Fellow honoree Todd Haynes, whose Julianne Moore-starring film Far from Heaven was one of the few being showcased in the exhibition, had another award-winning leading lady on his mind last night: “I’ve yet to work with Meryl Streep. I mean, c’mon! It would be a dream. That would be a peak moment for me. There’s no one like her—she’s so nice, she’s so beautiful, she’s so gifted. It was great to see her win the Oscar this last year. That performance… insane!” As for next generation’s leading ladies, he enthusiastically admitted his admiration for Lena Dunham: “She actually had a tiny, secret cameo in Mildred Pierce, believe it or not. But what a fucking brilliant—excuse me!—amazingly brilliant woman, writer, figure for young women to look to. And what a complicated and witty and multi-layered show.”
Australian actress Abbie Cornish, who starred in the Madonna-directed W.E. (which garnered an Oscar nomination for Phillips’s designs), caused a photographer frenzy in a head-turning black number and slicked back classic bun. Clad in her friend Toni Maticevski’s dress, Cornish spilled the fashion-y beans on her self-professed “very eclectic” (and much blogged-about) style. “I love jackets and hats and jewelry and sunglasses and scarves. Day-in and day-out, I can just wear tight black jeans and a cool belt,” she noted. “I’m a vegetarian, so I don’t wear leather, suede fur, things like that… But I kind of like to mix designer pieces with simple things, like tight black jeans and a vintage belt, and then I’m happy.” As for dream roles, Cornish gushed about Hilary Swank’s killer performance in Million Dollar Baby, another film featured in the exhibition: “Oh my God, are you kidding me? Of course! And I’ve trained as a boxer.”

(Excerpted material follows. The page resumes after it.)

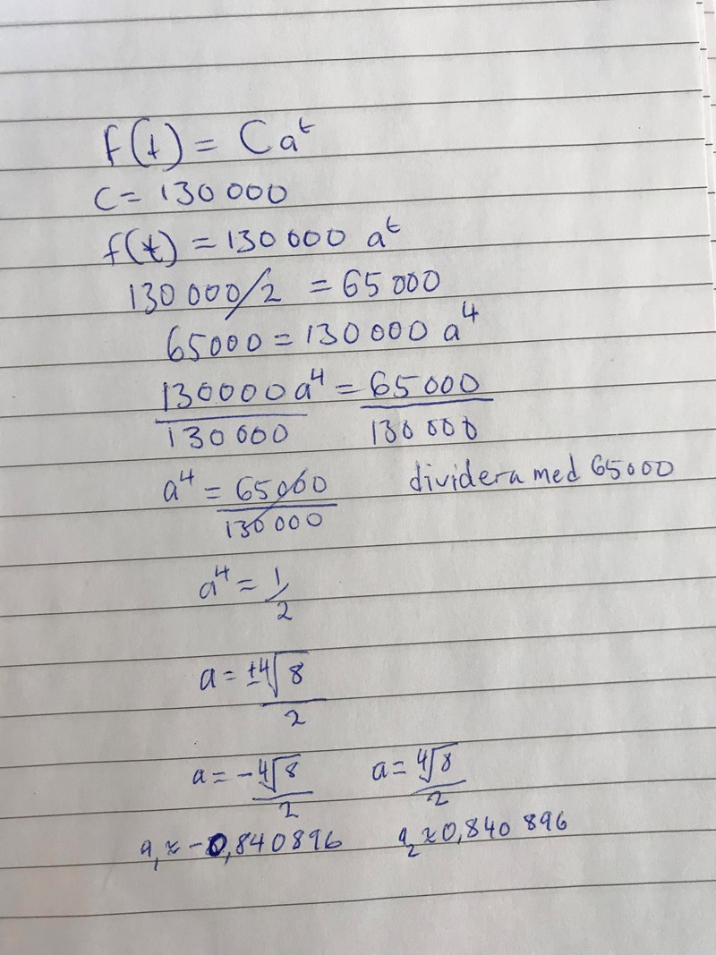 f(t)=C.a^t f(4)=130 000.2^2 Går det till sådär eller?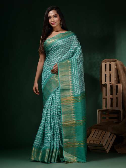 women's chevron green colored saree with blouse - 19916880 - Very Small Image - 1

Inside the museum, blaring tunes by the DJs of the evening, Twin Shadows and Terry Richardson, helped turn the fete into a full-on party. In a form-fitting blue Peter Pilotto dress and her Persol glasses sitting stylishly on the top of her slicked-back hair, actress Jaime King squealed about her DJ song requests: “Oh my God, Terry! I’ve been friends with him since I was 15. I’d love to hear him play Twin Shadows. I love Lana Del Rey. I’m kinda game for anything—a little Jay-Z in there would be good.” But for some post-event karaoke, King’s all about a little Guns N’ Roses, Blondie, and Reba McEntire. “And Dolly Parton! ‘Jolene!’” The fashion world darling and self-professed fan of “color, color, color!” was quick to dish on her favorite color-friendly designers: “I would say Jason Wu is the most exciting new American designer—I’m in love with him, he’s a dear friend and I think what he’s doing is really exciting. I also love Prabal [Gurung]. His designs are insane and he’s such a great guy,” she said, smiling. As for closets she’d like to raid? “Probably the closet at ELLE! Or Diane Kruger—I feel like we have a very similar style.”
Needless to say, the exhibition was a classy affair, displaying rarely-seen artifacts and video projections from influential films ranging from Pollock to Amelie. And the fashionably late Zoe Saldana, clad in gorgeous Louis Vuitton and clutching her Persols, casually weaved through the jam-packed space with pals.